2025-01-22
More features for web page generation systems doing URL remapping
A few years ago I wrote about how web page generation systems should support remapping external URLs (this includes systems that convert some form of wikitext to HTML). At the time I was mostly thinking about remapping single URLs and mentioned things like remapping prefixes (so you could remap an entire domain into web.archive.org) as something for a fancier version. Well, the world turns and things happen and I now think that such prefix remapping is essential; even if you don't start out with it, you're going to wind up with it in the longer term.
(To put it one way, the reality of modern life is that sometimes you no longer want to be associated with some places. And some day, my Fediverse presence may also move.)
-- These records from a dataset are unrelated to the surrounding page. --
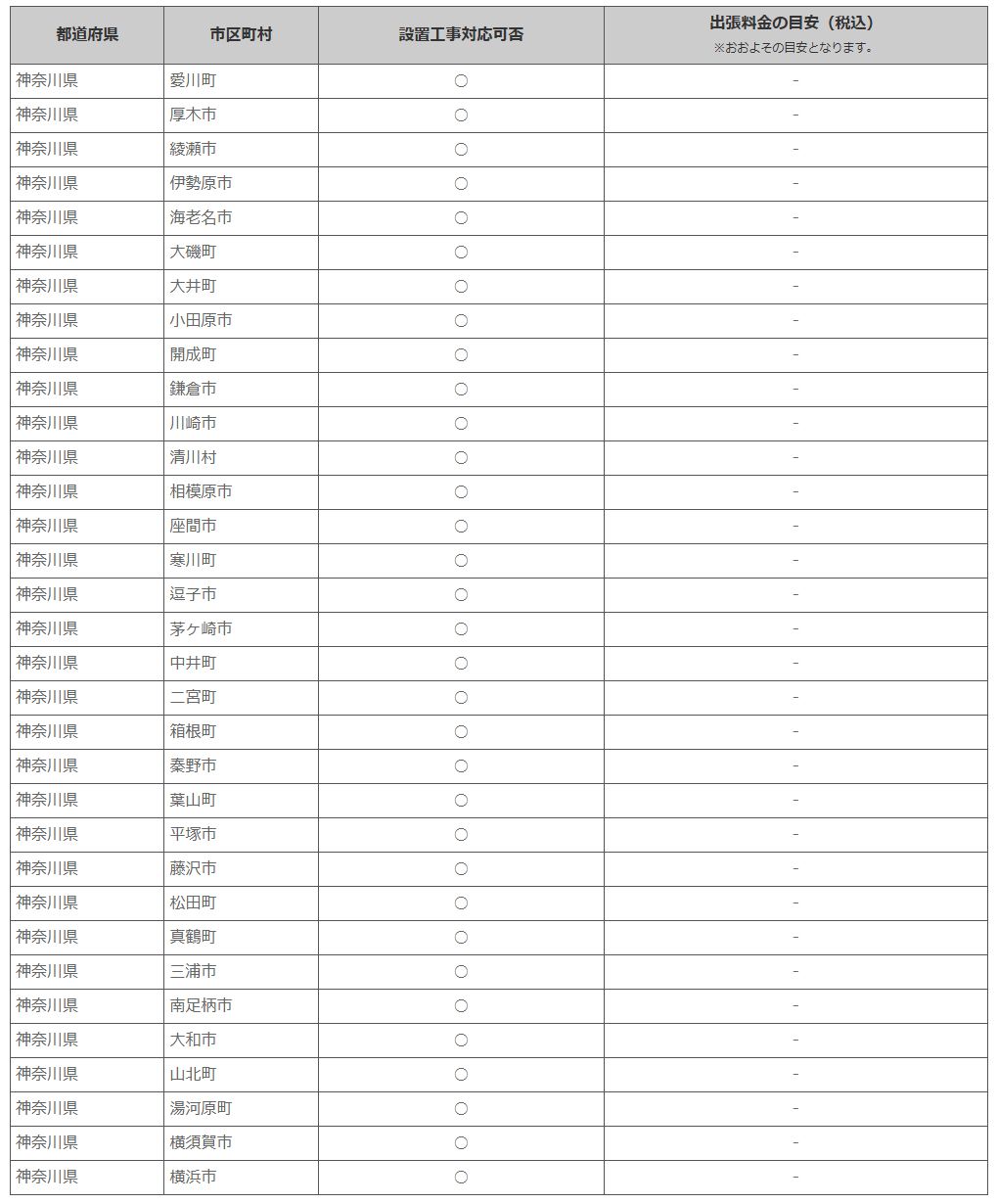 神奈川県 ※離島・山間部他 一部地域は工事エリア外となります。出張料がかかる地域がございます。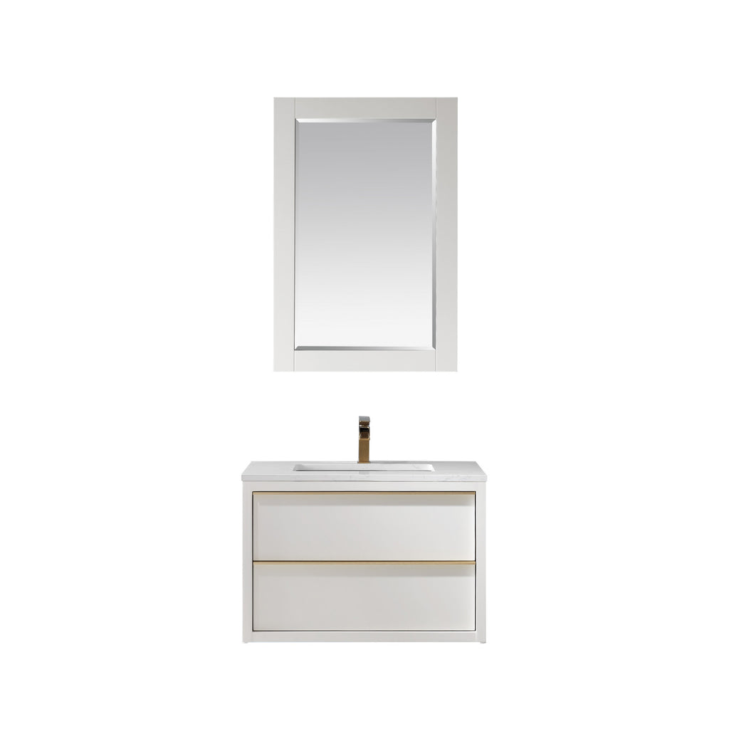 Morgan Single Bathroom Vanity Set in White and Composite Carrara White Stone Countertop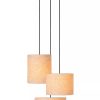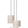 A striking composition of three contemporary cotton lampshades arranged at different heights: Maya will captivate your visitors with its playful character and diffused light. The adjustable cotton cable allows the pendant to be suspended at a length of up to 177 centimetres. With a diameter of 46 centimetres, Maya is the ideal centrepiece for a large hallway or for adding warmth to a cosy corner of your living room or bedroom. An external dimmer gives it the finishing touch. This contemporary pendant is compatible with LED light sources.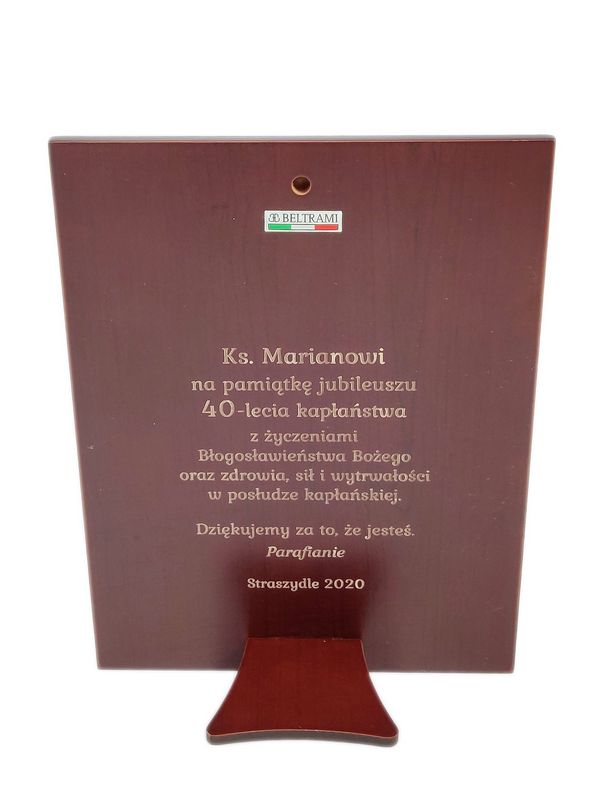 Grawer dedykacji wykonany jest bezpośrednio na drewnie lub też na dołączonej tabliczce.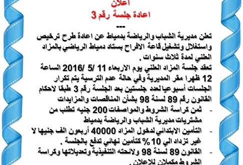 قاعة افراح ستاد دمياط بالمزاد العلنى

In light of a couple of years of churn in my website landscape (after what was in hindsight a long period of stability), I now have revised views on the features I want in a (still theoretical) URL remapping system for Wandering Thoughts. The system I want should be able to remap individual URLs, entire prefixes, and perhaps regular expressions with full scale rewrites (or maybe some scheme with wildcard matching), although I don't currently have a use for full scale regular expression rewrites. As part of this, there needs to be some kind of priority or hierarchy between different remappings that can all potentially match the same URL, because there's definitely at least one case today where I want to remap 'asite/a/*' somewhere and all other 'asite/*' URLs to something else. While it's tempting to do something like 'most specific thing matches', working out what is most specific from a collection of different sorts of remapping rules seems a bit hard, so I'd probably just implement it as 'first match wins' and manage things by ordering matches in the configuration file.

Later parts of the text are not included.